FORMULATION AND COMPARATIVE STUDIES OF LOVASTATIN LOADED POLYMERIC NANOPARTICLES PREPARED BY IONIC GELATION AND SOLVENT EVAPORATION TECHNIQUE

FORMULATION AND COMPARATIVE STUDIES OF LOVASTATIN LOADED POLYMERIC NANOPARTICLES PREPARED BY IONIC GELATION AND SOLVENT EVAPORATION TECHNIQUE

Vinodh S. Mannur, Karishma K. Majik, Vinayak S. Mastiholimath and Dylan A. Furtado

Department of Quality Assurance KLES, College of Pharmacy, Belagavi, Karnataka, India.

ABSTRACT: Nanotechnology mediated drug delivery has been reported to enhance the drug efficacy, bioavailability, reduced toxicity and improve patient compliance by targeting the cells and tissues to elicit the desired pharmacological action. Low oral bioavailability of poorly water-soluble drugs poses a great challenge during development of drug delivery systems.  The purpose of the present work was to compare the characteristics of Lovastatin (LV) nanoparticles prepared by Ionic gelation (IG) and Solvent evaporation (SE) techniques using Sodium Tripolyphosphate and Pleuronic F68 as surfactants. In this study, an attempt was made to improve the solubility and dissolution characteristics of a poorly water-soluble drug LV using nanotechnology concept. The prepared nanoparticles were evaluated in terms of size, drug polymer compatibility by differential scanning calorimetry (DSC), polydispersity index (PDI), zeta potential, morphological characteristics by scanning electron microscopy (SEM), drug entrapment efficiency in-vitro release and stability studies. Nanoparticles prepared by IG and SE were in the range of (108nm to 486 nm) and (389nm to 521nm) with PDI of 0.447 and 0.557 having entrapment efficiency 68.2% and 62.8% with 15.3mV and 13.5mV zeta potential. In-vitro release studies showed that the nanoparticle formulations IG₂B and SE₄B were capable of releasing the drug in a sustained manner (68.58% and 84.81%) for about 10hours. Together, these results indicated that nanoparticulate formulations are ideal carriers for oral administration of LV having a great potential to improve the oral bioavailability and sustain the drug release, thereby minimizing the dose dependent adverse effects and maximizing the patient compliance.

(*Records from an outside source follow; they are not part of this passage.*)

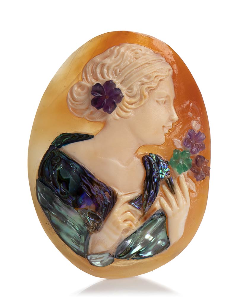 Cammeo su corniola con applicazioni in madreperla e agata - Manifattura Guarracino, Torre del Greco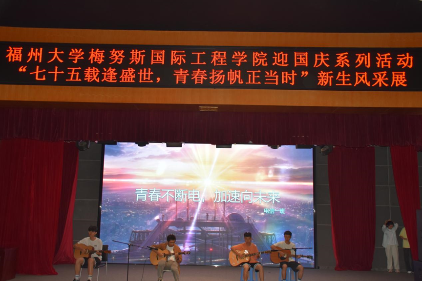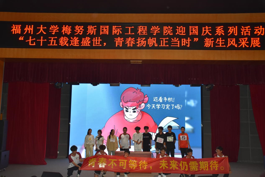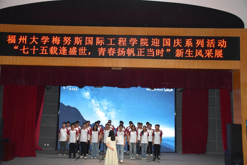 “七十五载逢盛世,青春扬帆正当时”新生风采展在图书馆明德厅顺利举办,学院党委副书记游生辉,外教老师和各年级辅导员出席本次晚会,2024级全体同学参加。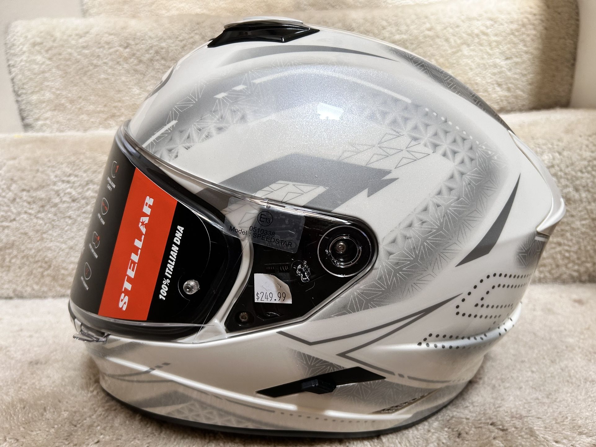Suomy Stellar helmet with advanced thermoplastic, wind tunnel tested, clear visor. Size M Gloss white with silver design Never used DOT certified Pinlock anti scratch Stellar model with a drop down internal visor. 100% italian DNA Tags: Motorcycle bike suzuki honda yamaha kawasaki Japanese American harley buell cruiser sportbike rr bmw ducati aprilia gsxr cbr r6 r1 zx evo crf kx yz 250 450 125 rm atv quad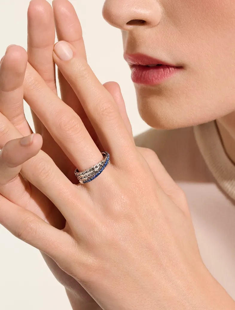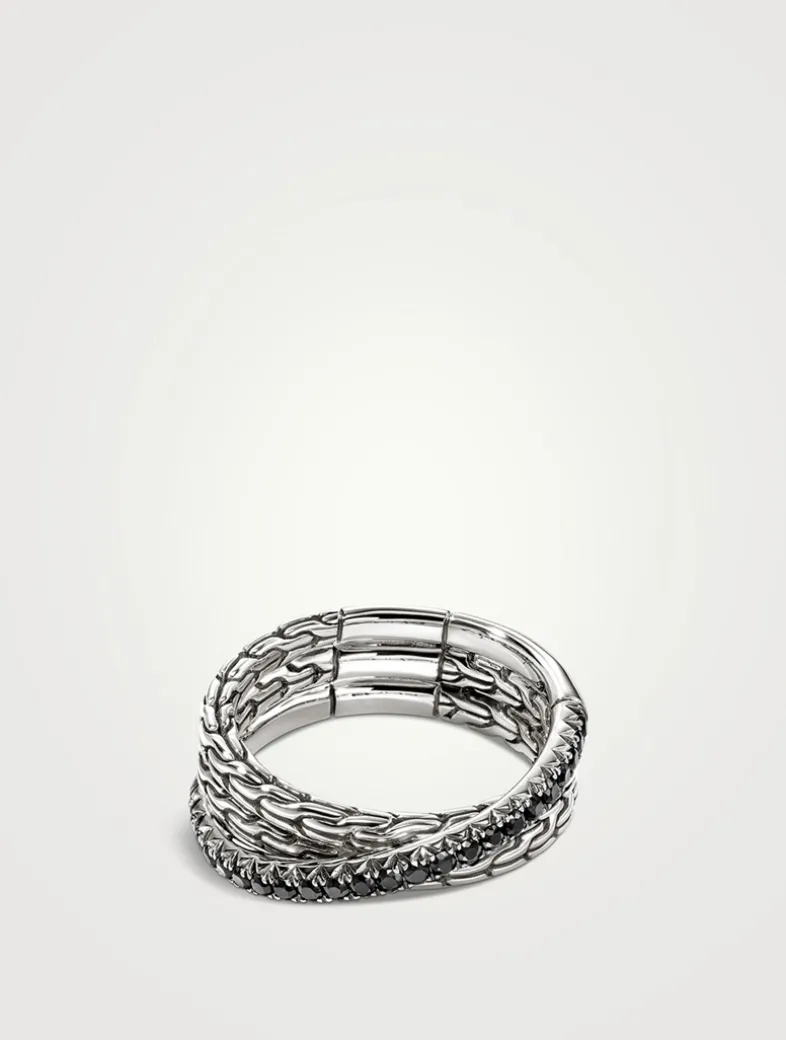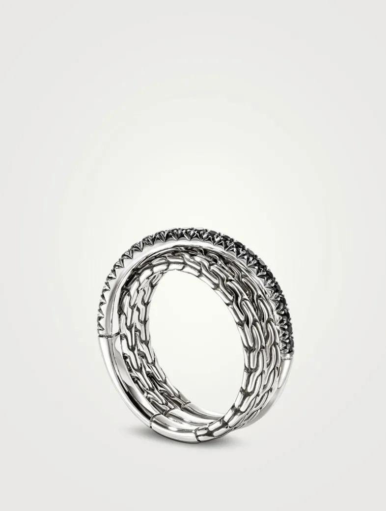 Artisan handcrafted, this crossover band ring in sterling silver features John Hardy’s signature carved chain motif and black sapphire pavé.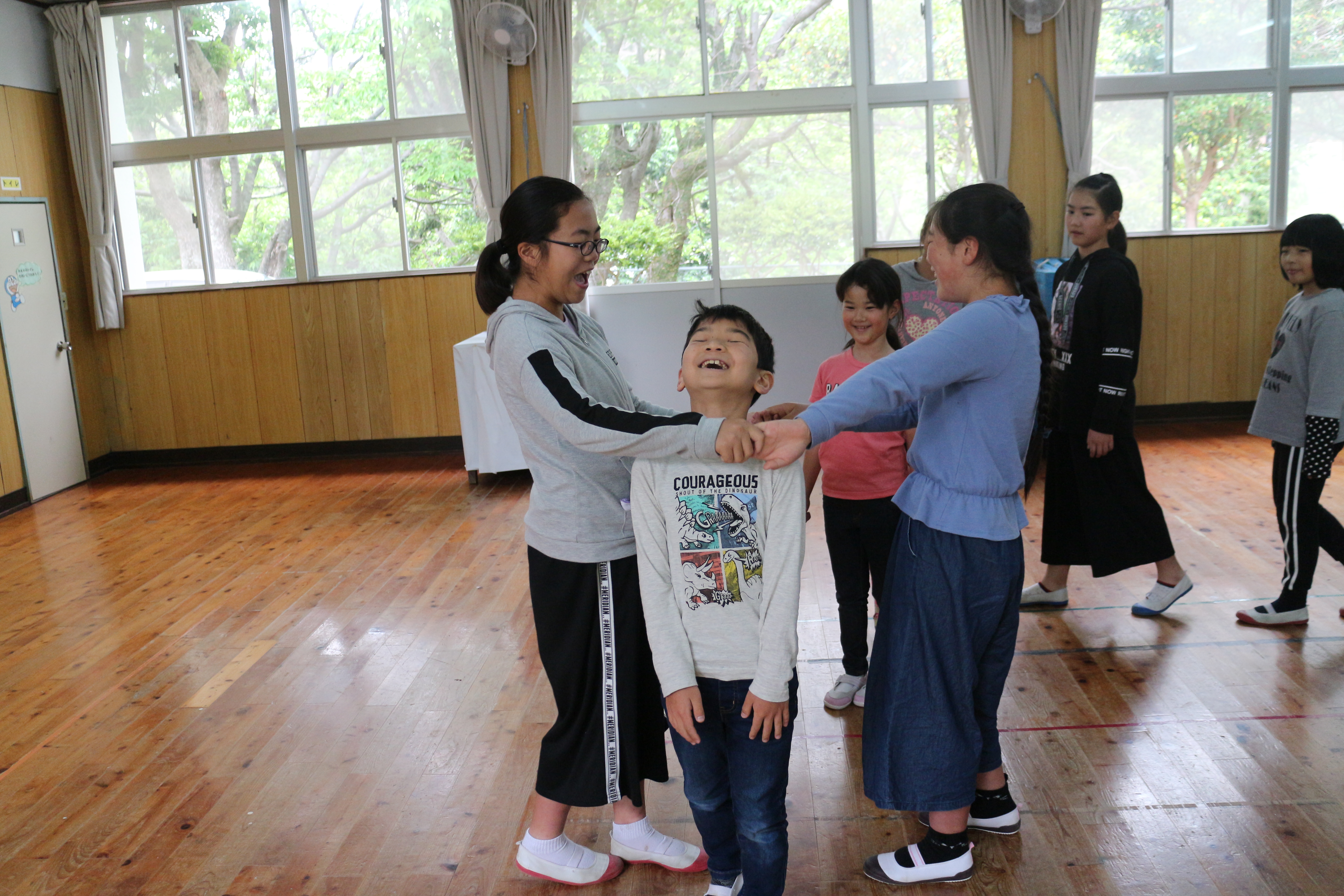 今日の音楽の授業は,小学生全員で「はないちもんめ」や「じゃんけん列車」などの歌遊びをしました。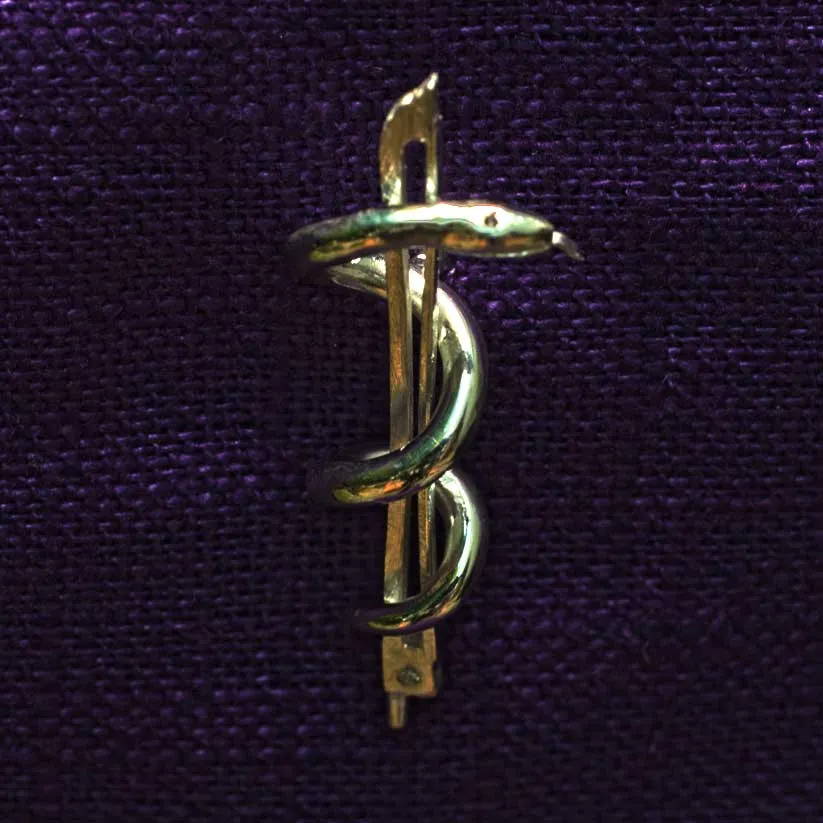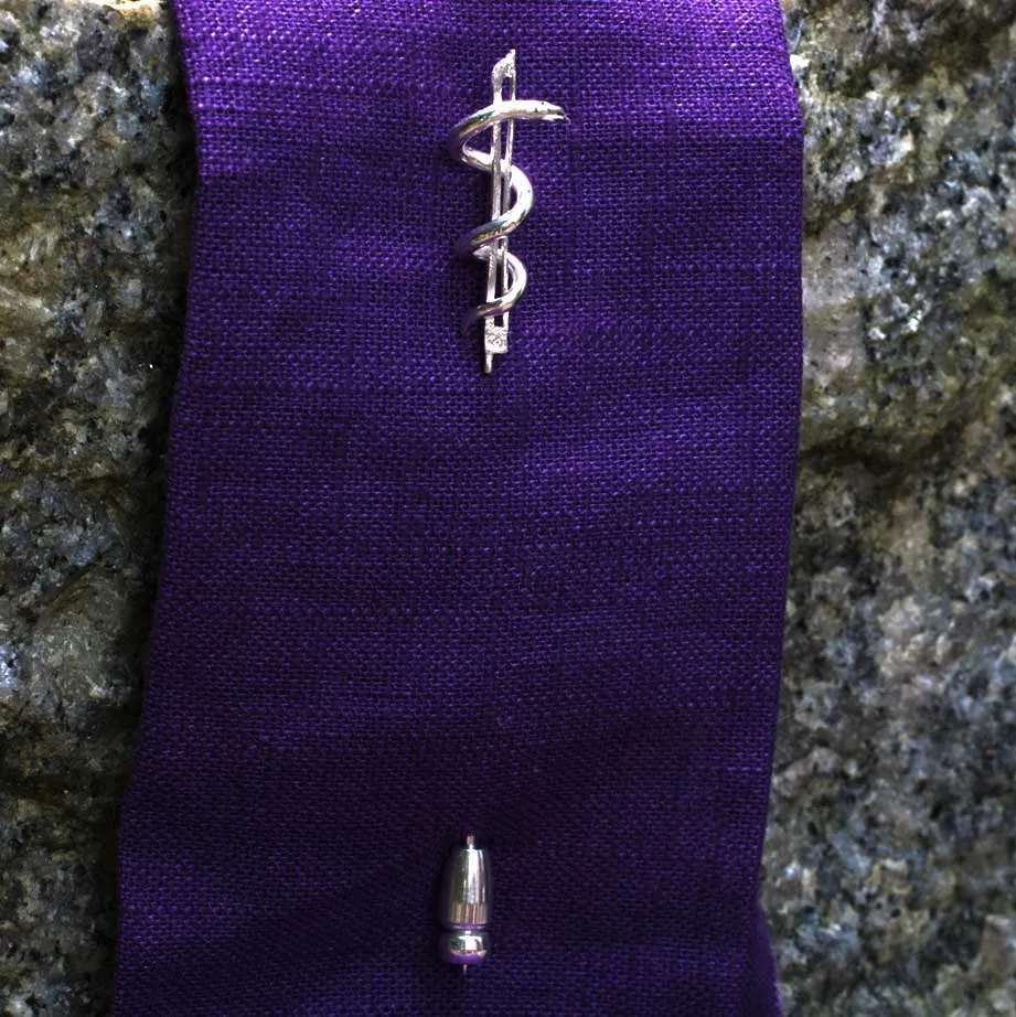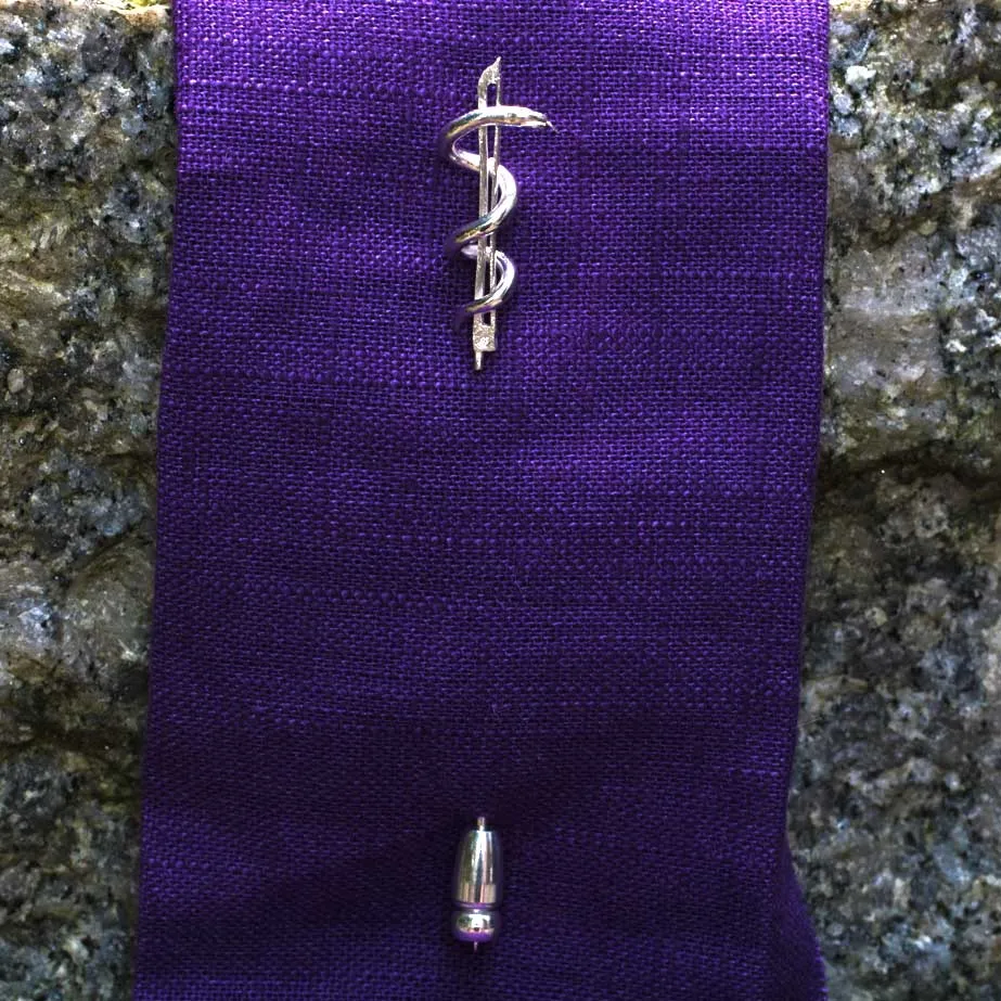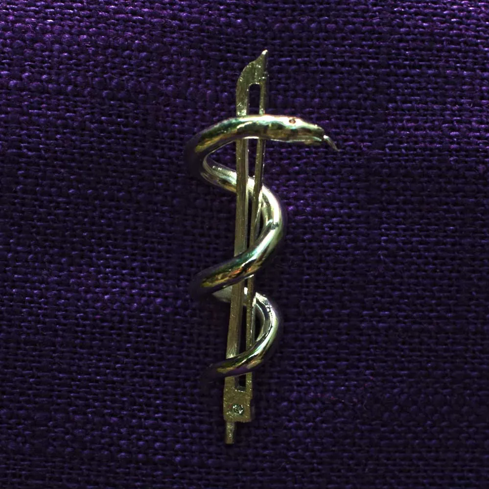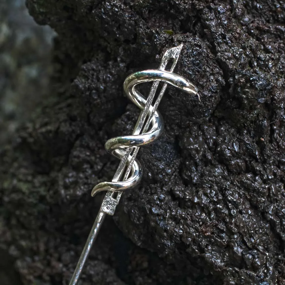 Brosche und Anstecknadel mit Aesculabnatter aus Silber die sich um einen Geigenbogen windet in dem ein kleiner Brillant sitzt.

Lovastatin, Ionic gelation,

Solvent evaporation, Sodium Tripolyphosphate, Pleuronic F68

INTRODUCTION: Cardiovascular diseases, like atherosclerosis, are the most common reasons of mortality and morbidity worldwide ^{1, 2}. Atherosclerosis is a chronic, progressive disease that is characterized by continuous accumulation of plaque within the arterial wall, which is accelerated by risk factors such as hypercholesterolemia ³. It is initiated by lipid retention, oxidation, and modification, which provoke chronic inflammation, ultimately causing thrombosis or stenosis ⁴

Lovastatin belongs to the class of statins, and a class II drug according to Biopharmaceutical Classification Scheme (BCS), used for lowering cholesterol (hypolipidemic agent). It is a prodrug and after oral administration, the inactive parent lactone is hydrolyzed to the corresponding hydroxyacid form. Lovastatin is a fungal polyketide, which has a napthelin ring and a lactone ring, where the lactone ring binds to the 3-hydroxy-3-methylglutaryl-coenzym A (HMG-CoA) reductase enzyme and inhibits the formation of cholesterol. It’s a poorly soluble drug, with a half-life of 1.1-1.7 h and less than 5% bioavailability. Lovastatin undergoes extensive first-pass metabolism. It is the drug of choice in primary hyperlipidemias with raised LDL and total cholesterol levels as well as for secondary i.e. diabetes, nephritic syndrome, hypercholestoremia ^{5, 6, 7, 8}.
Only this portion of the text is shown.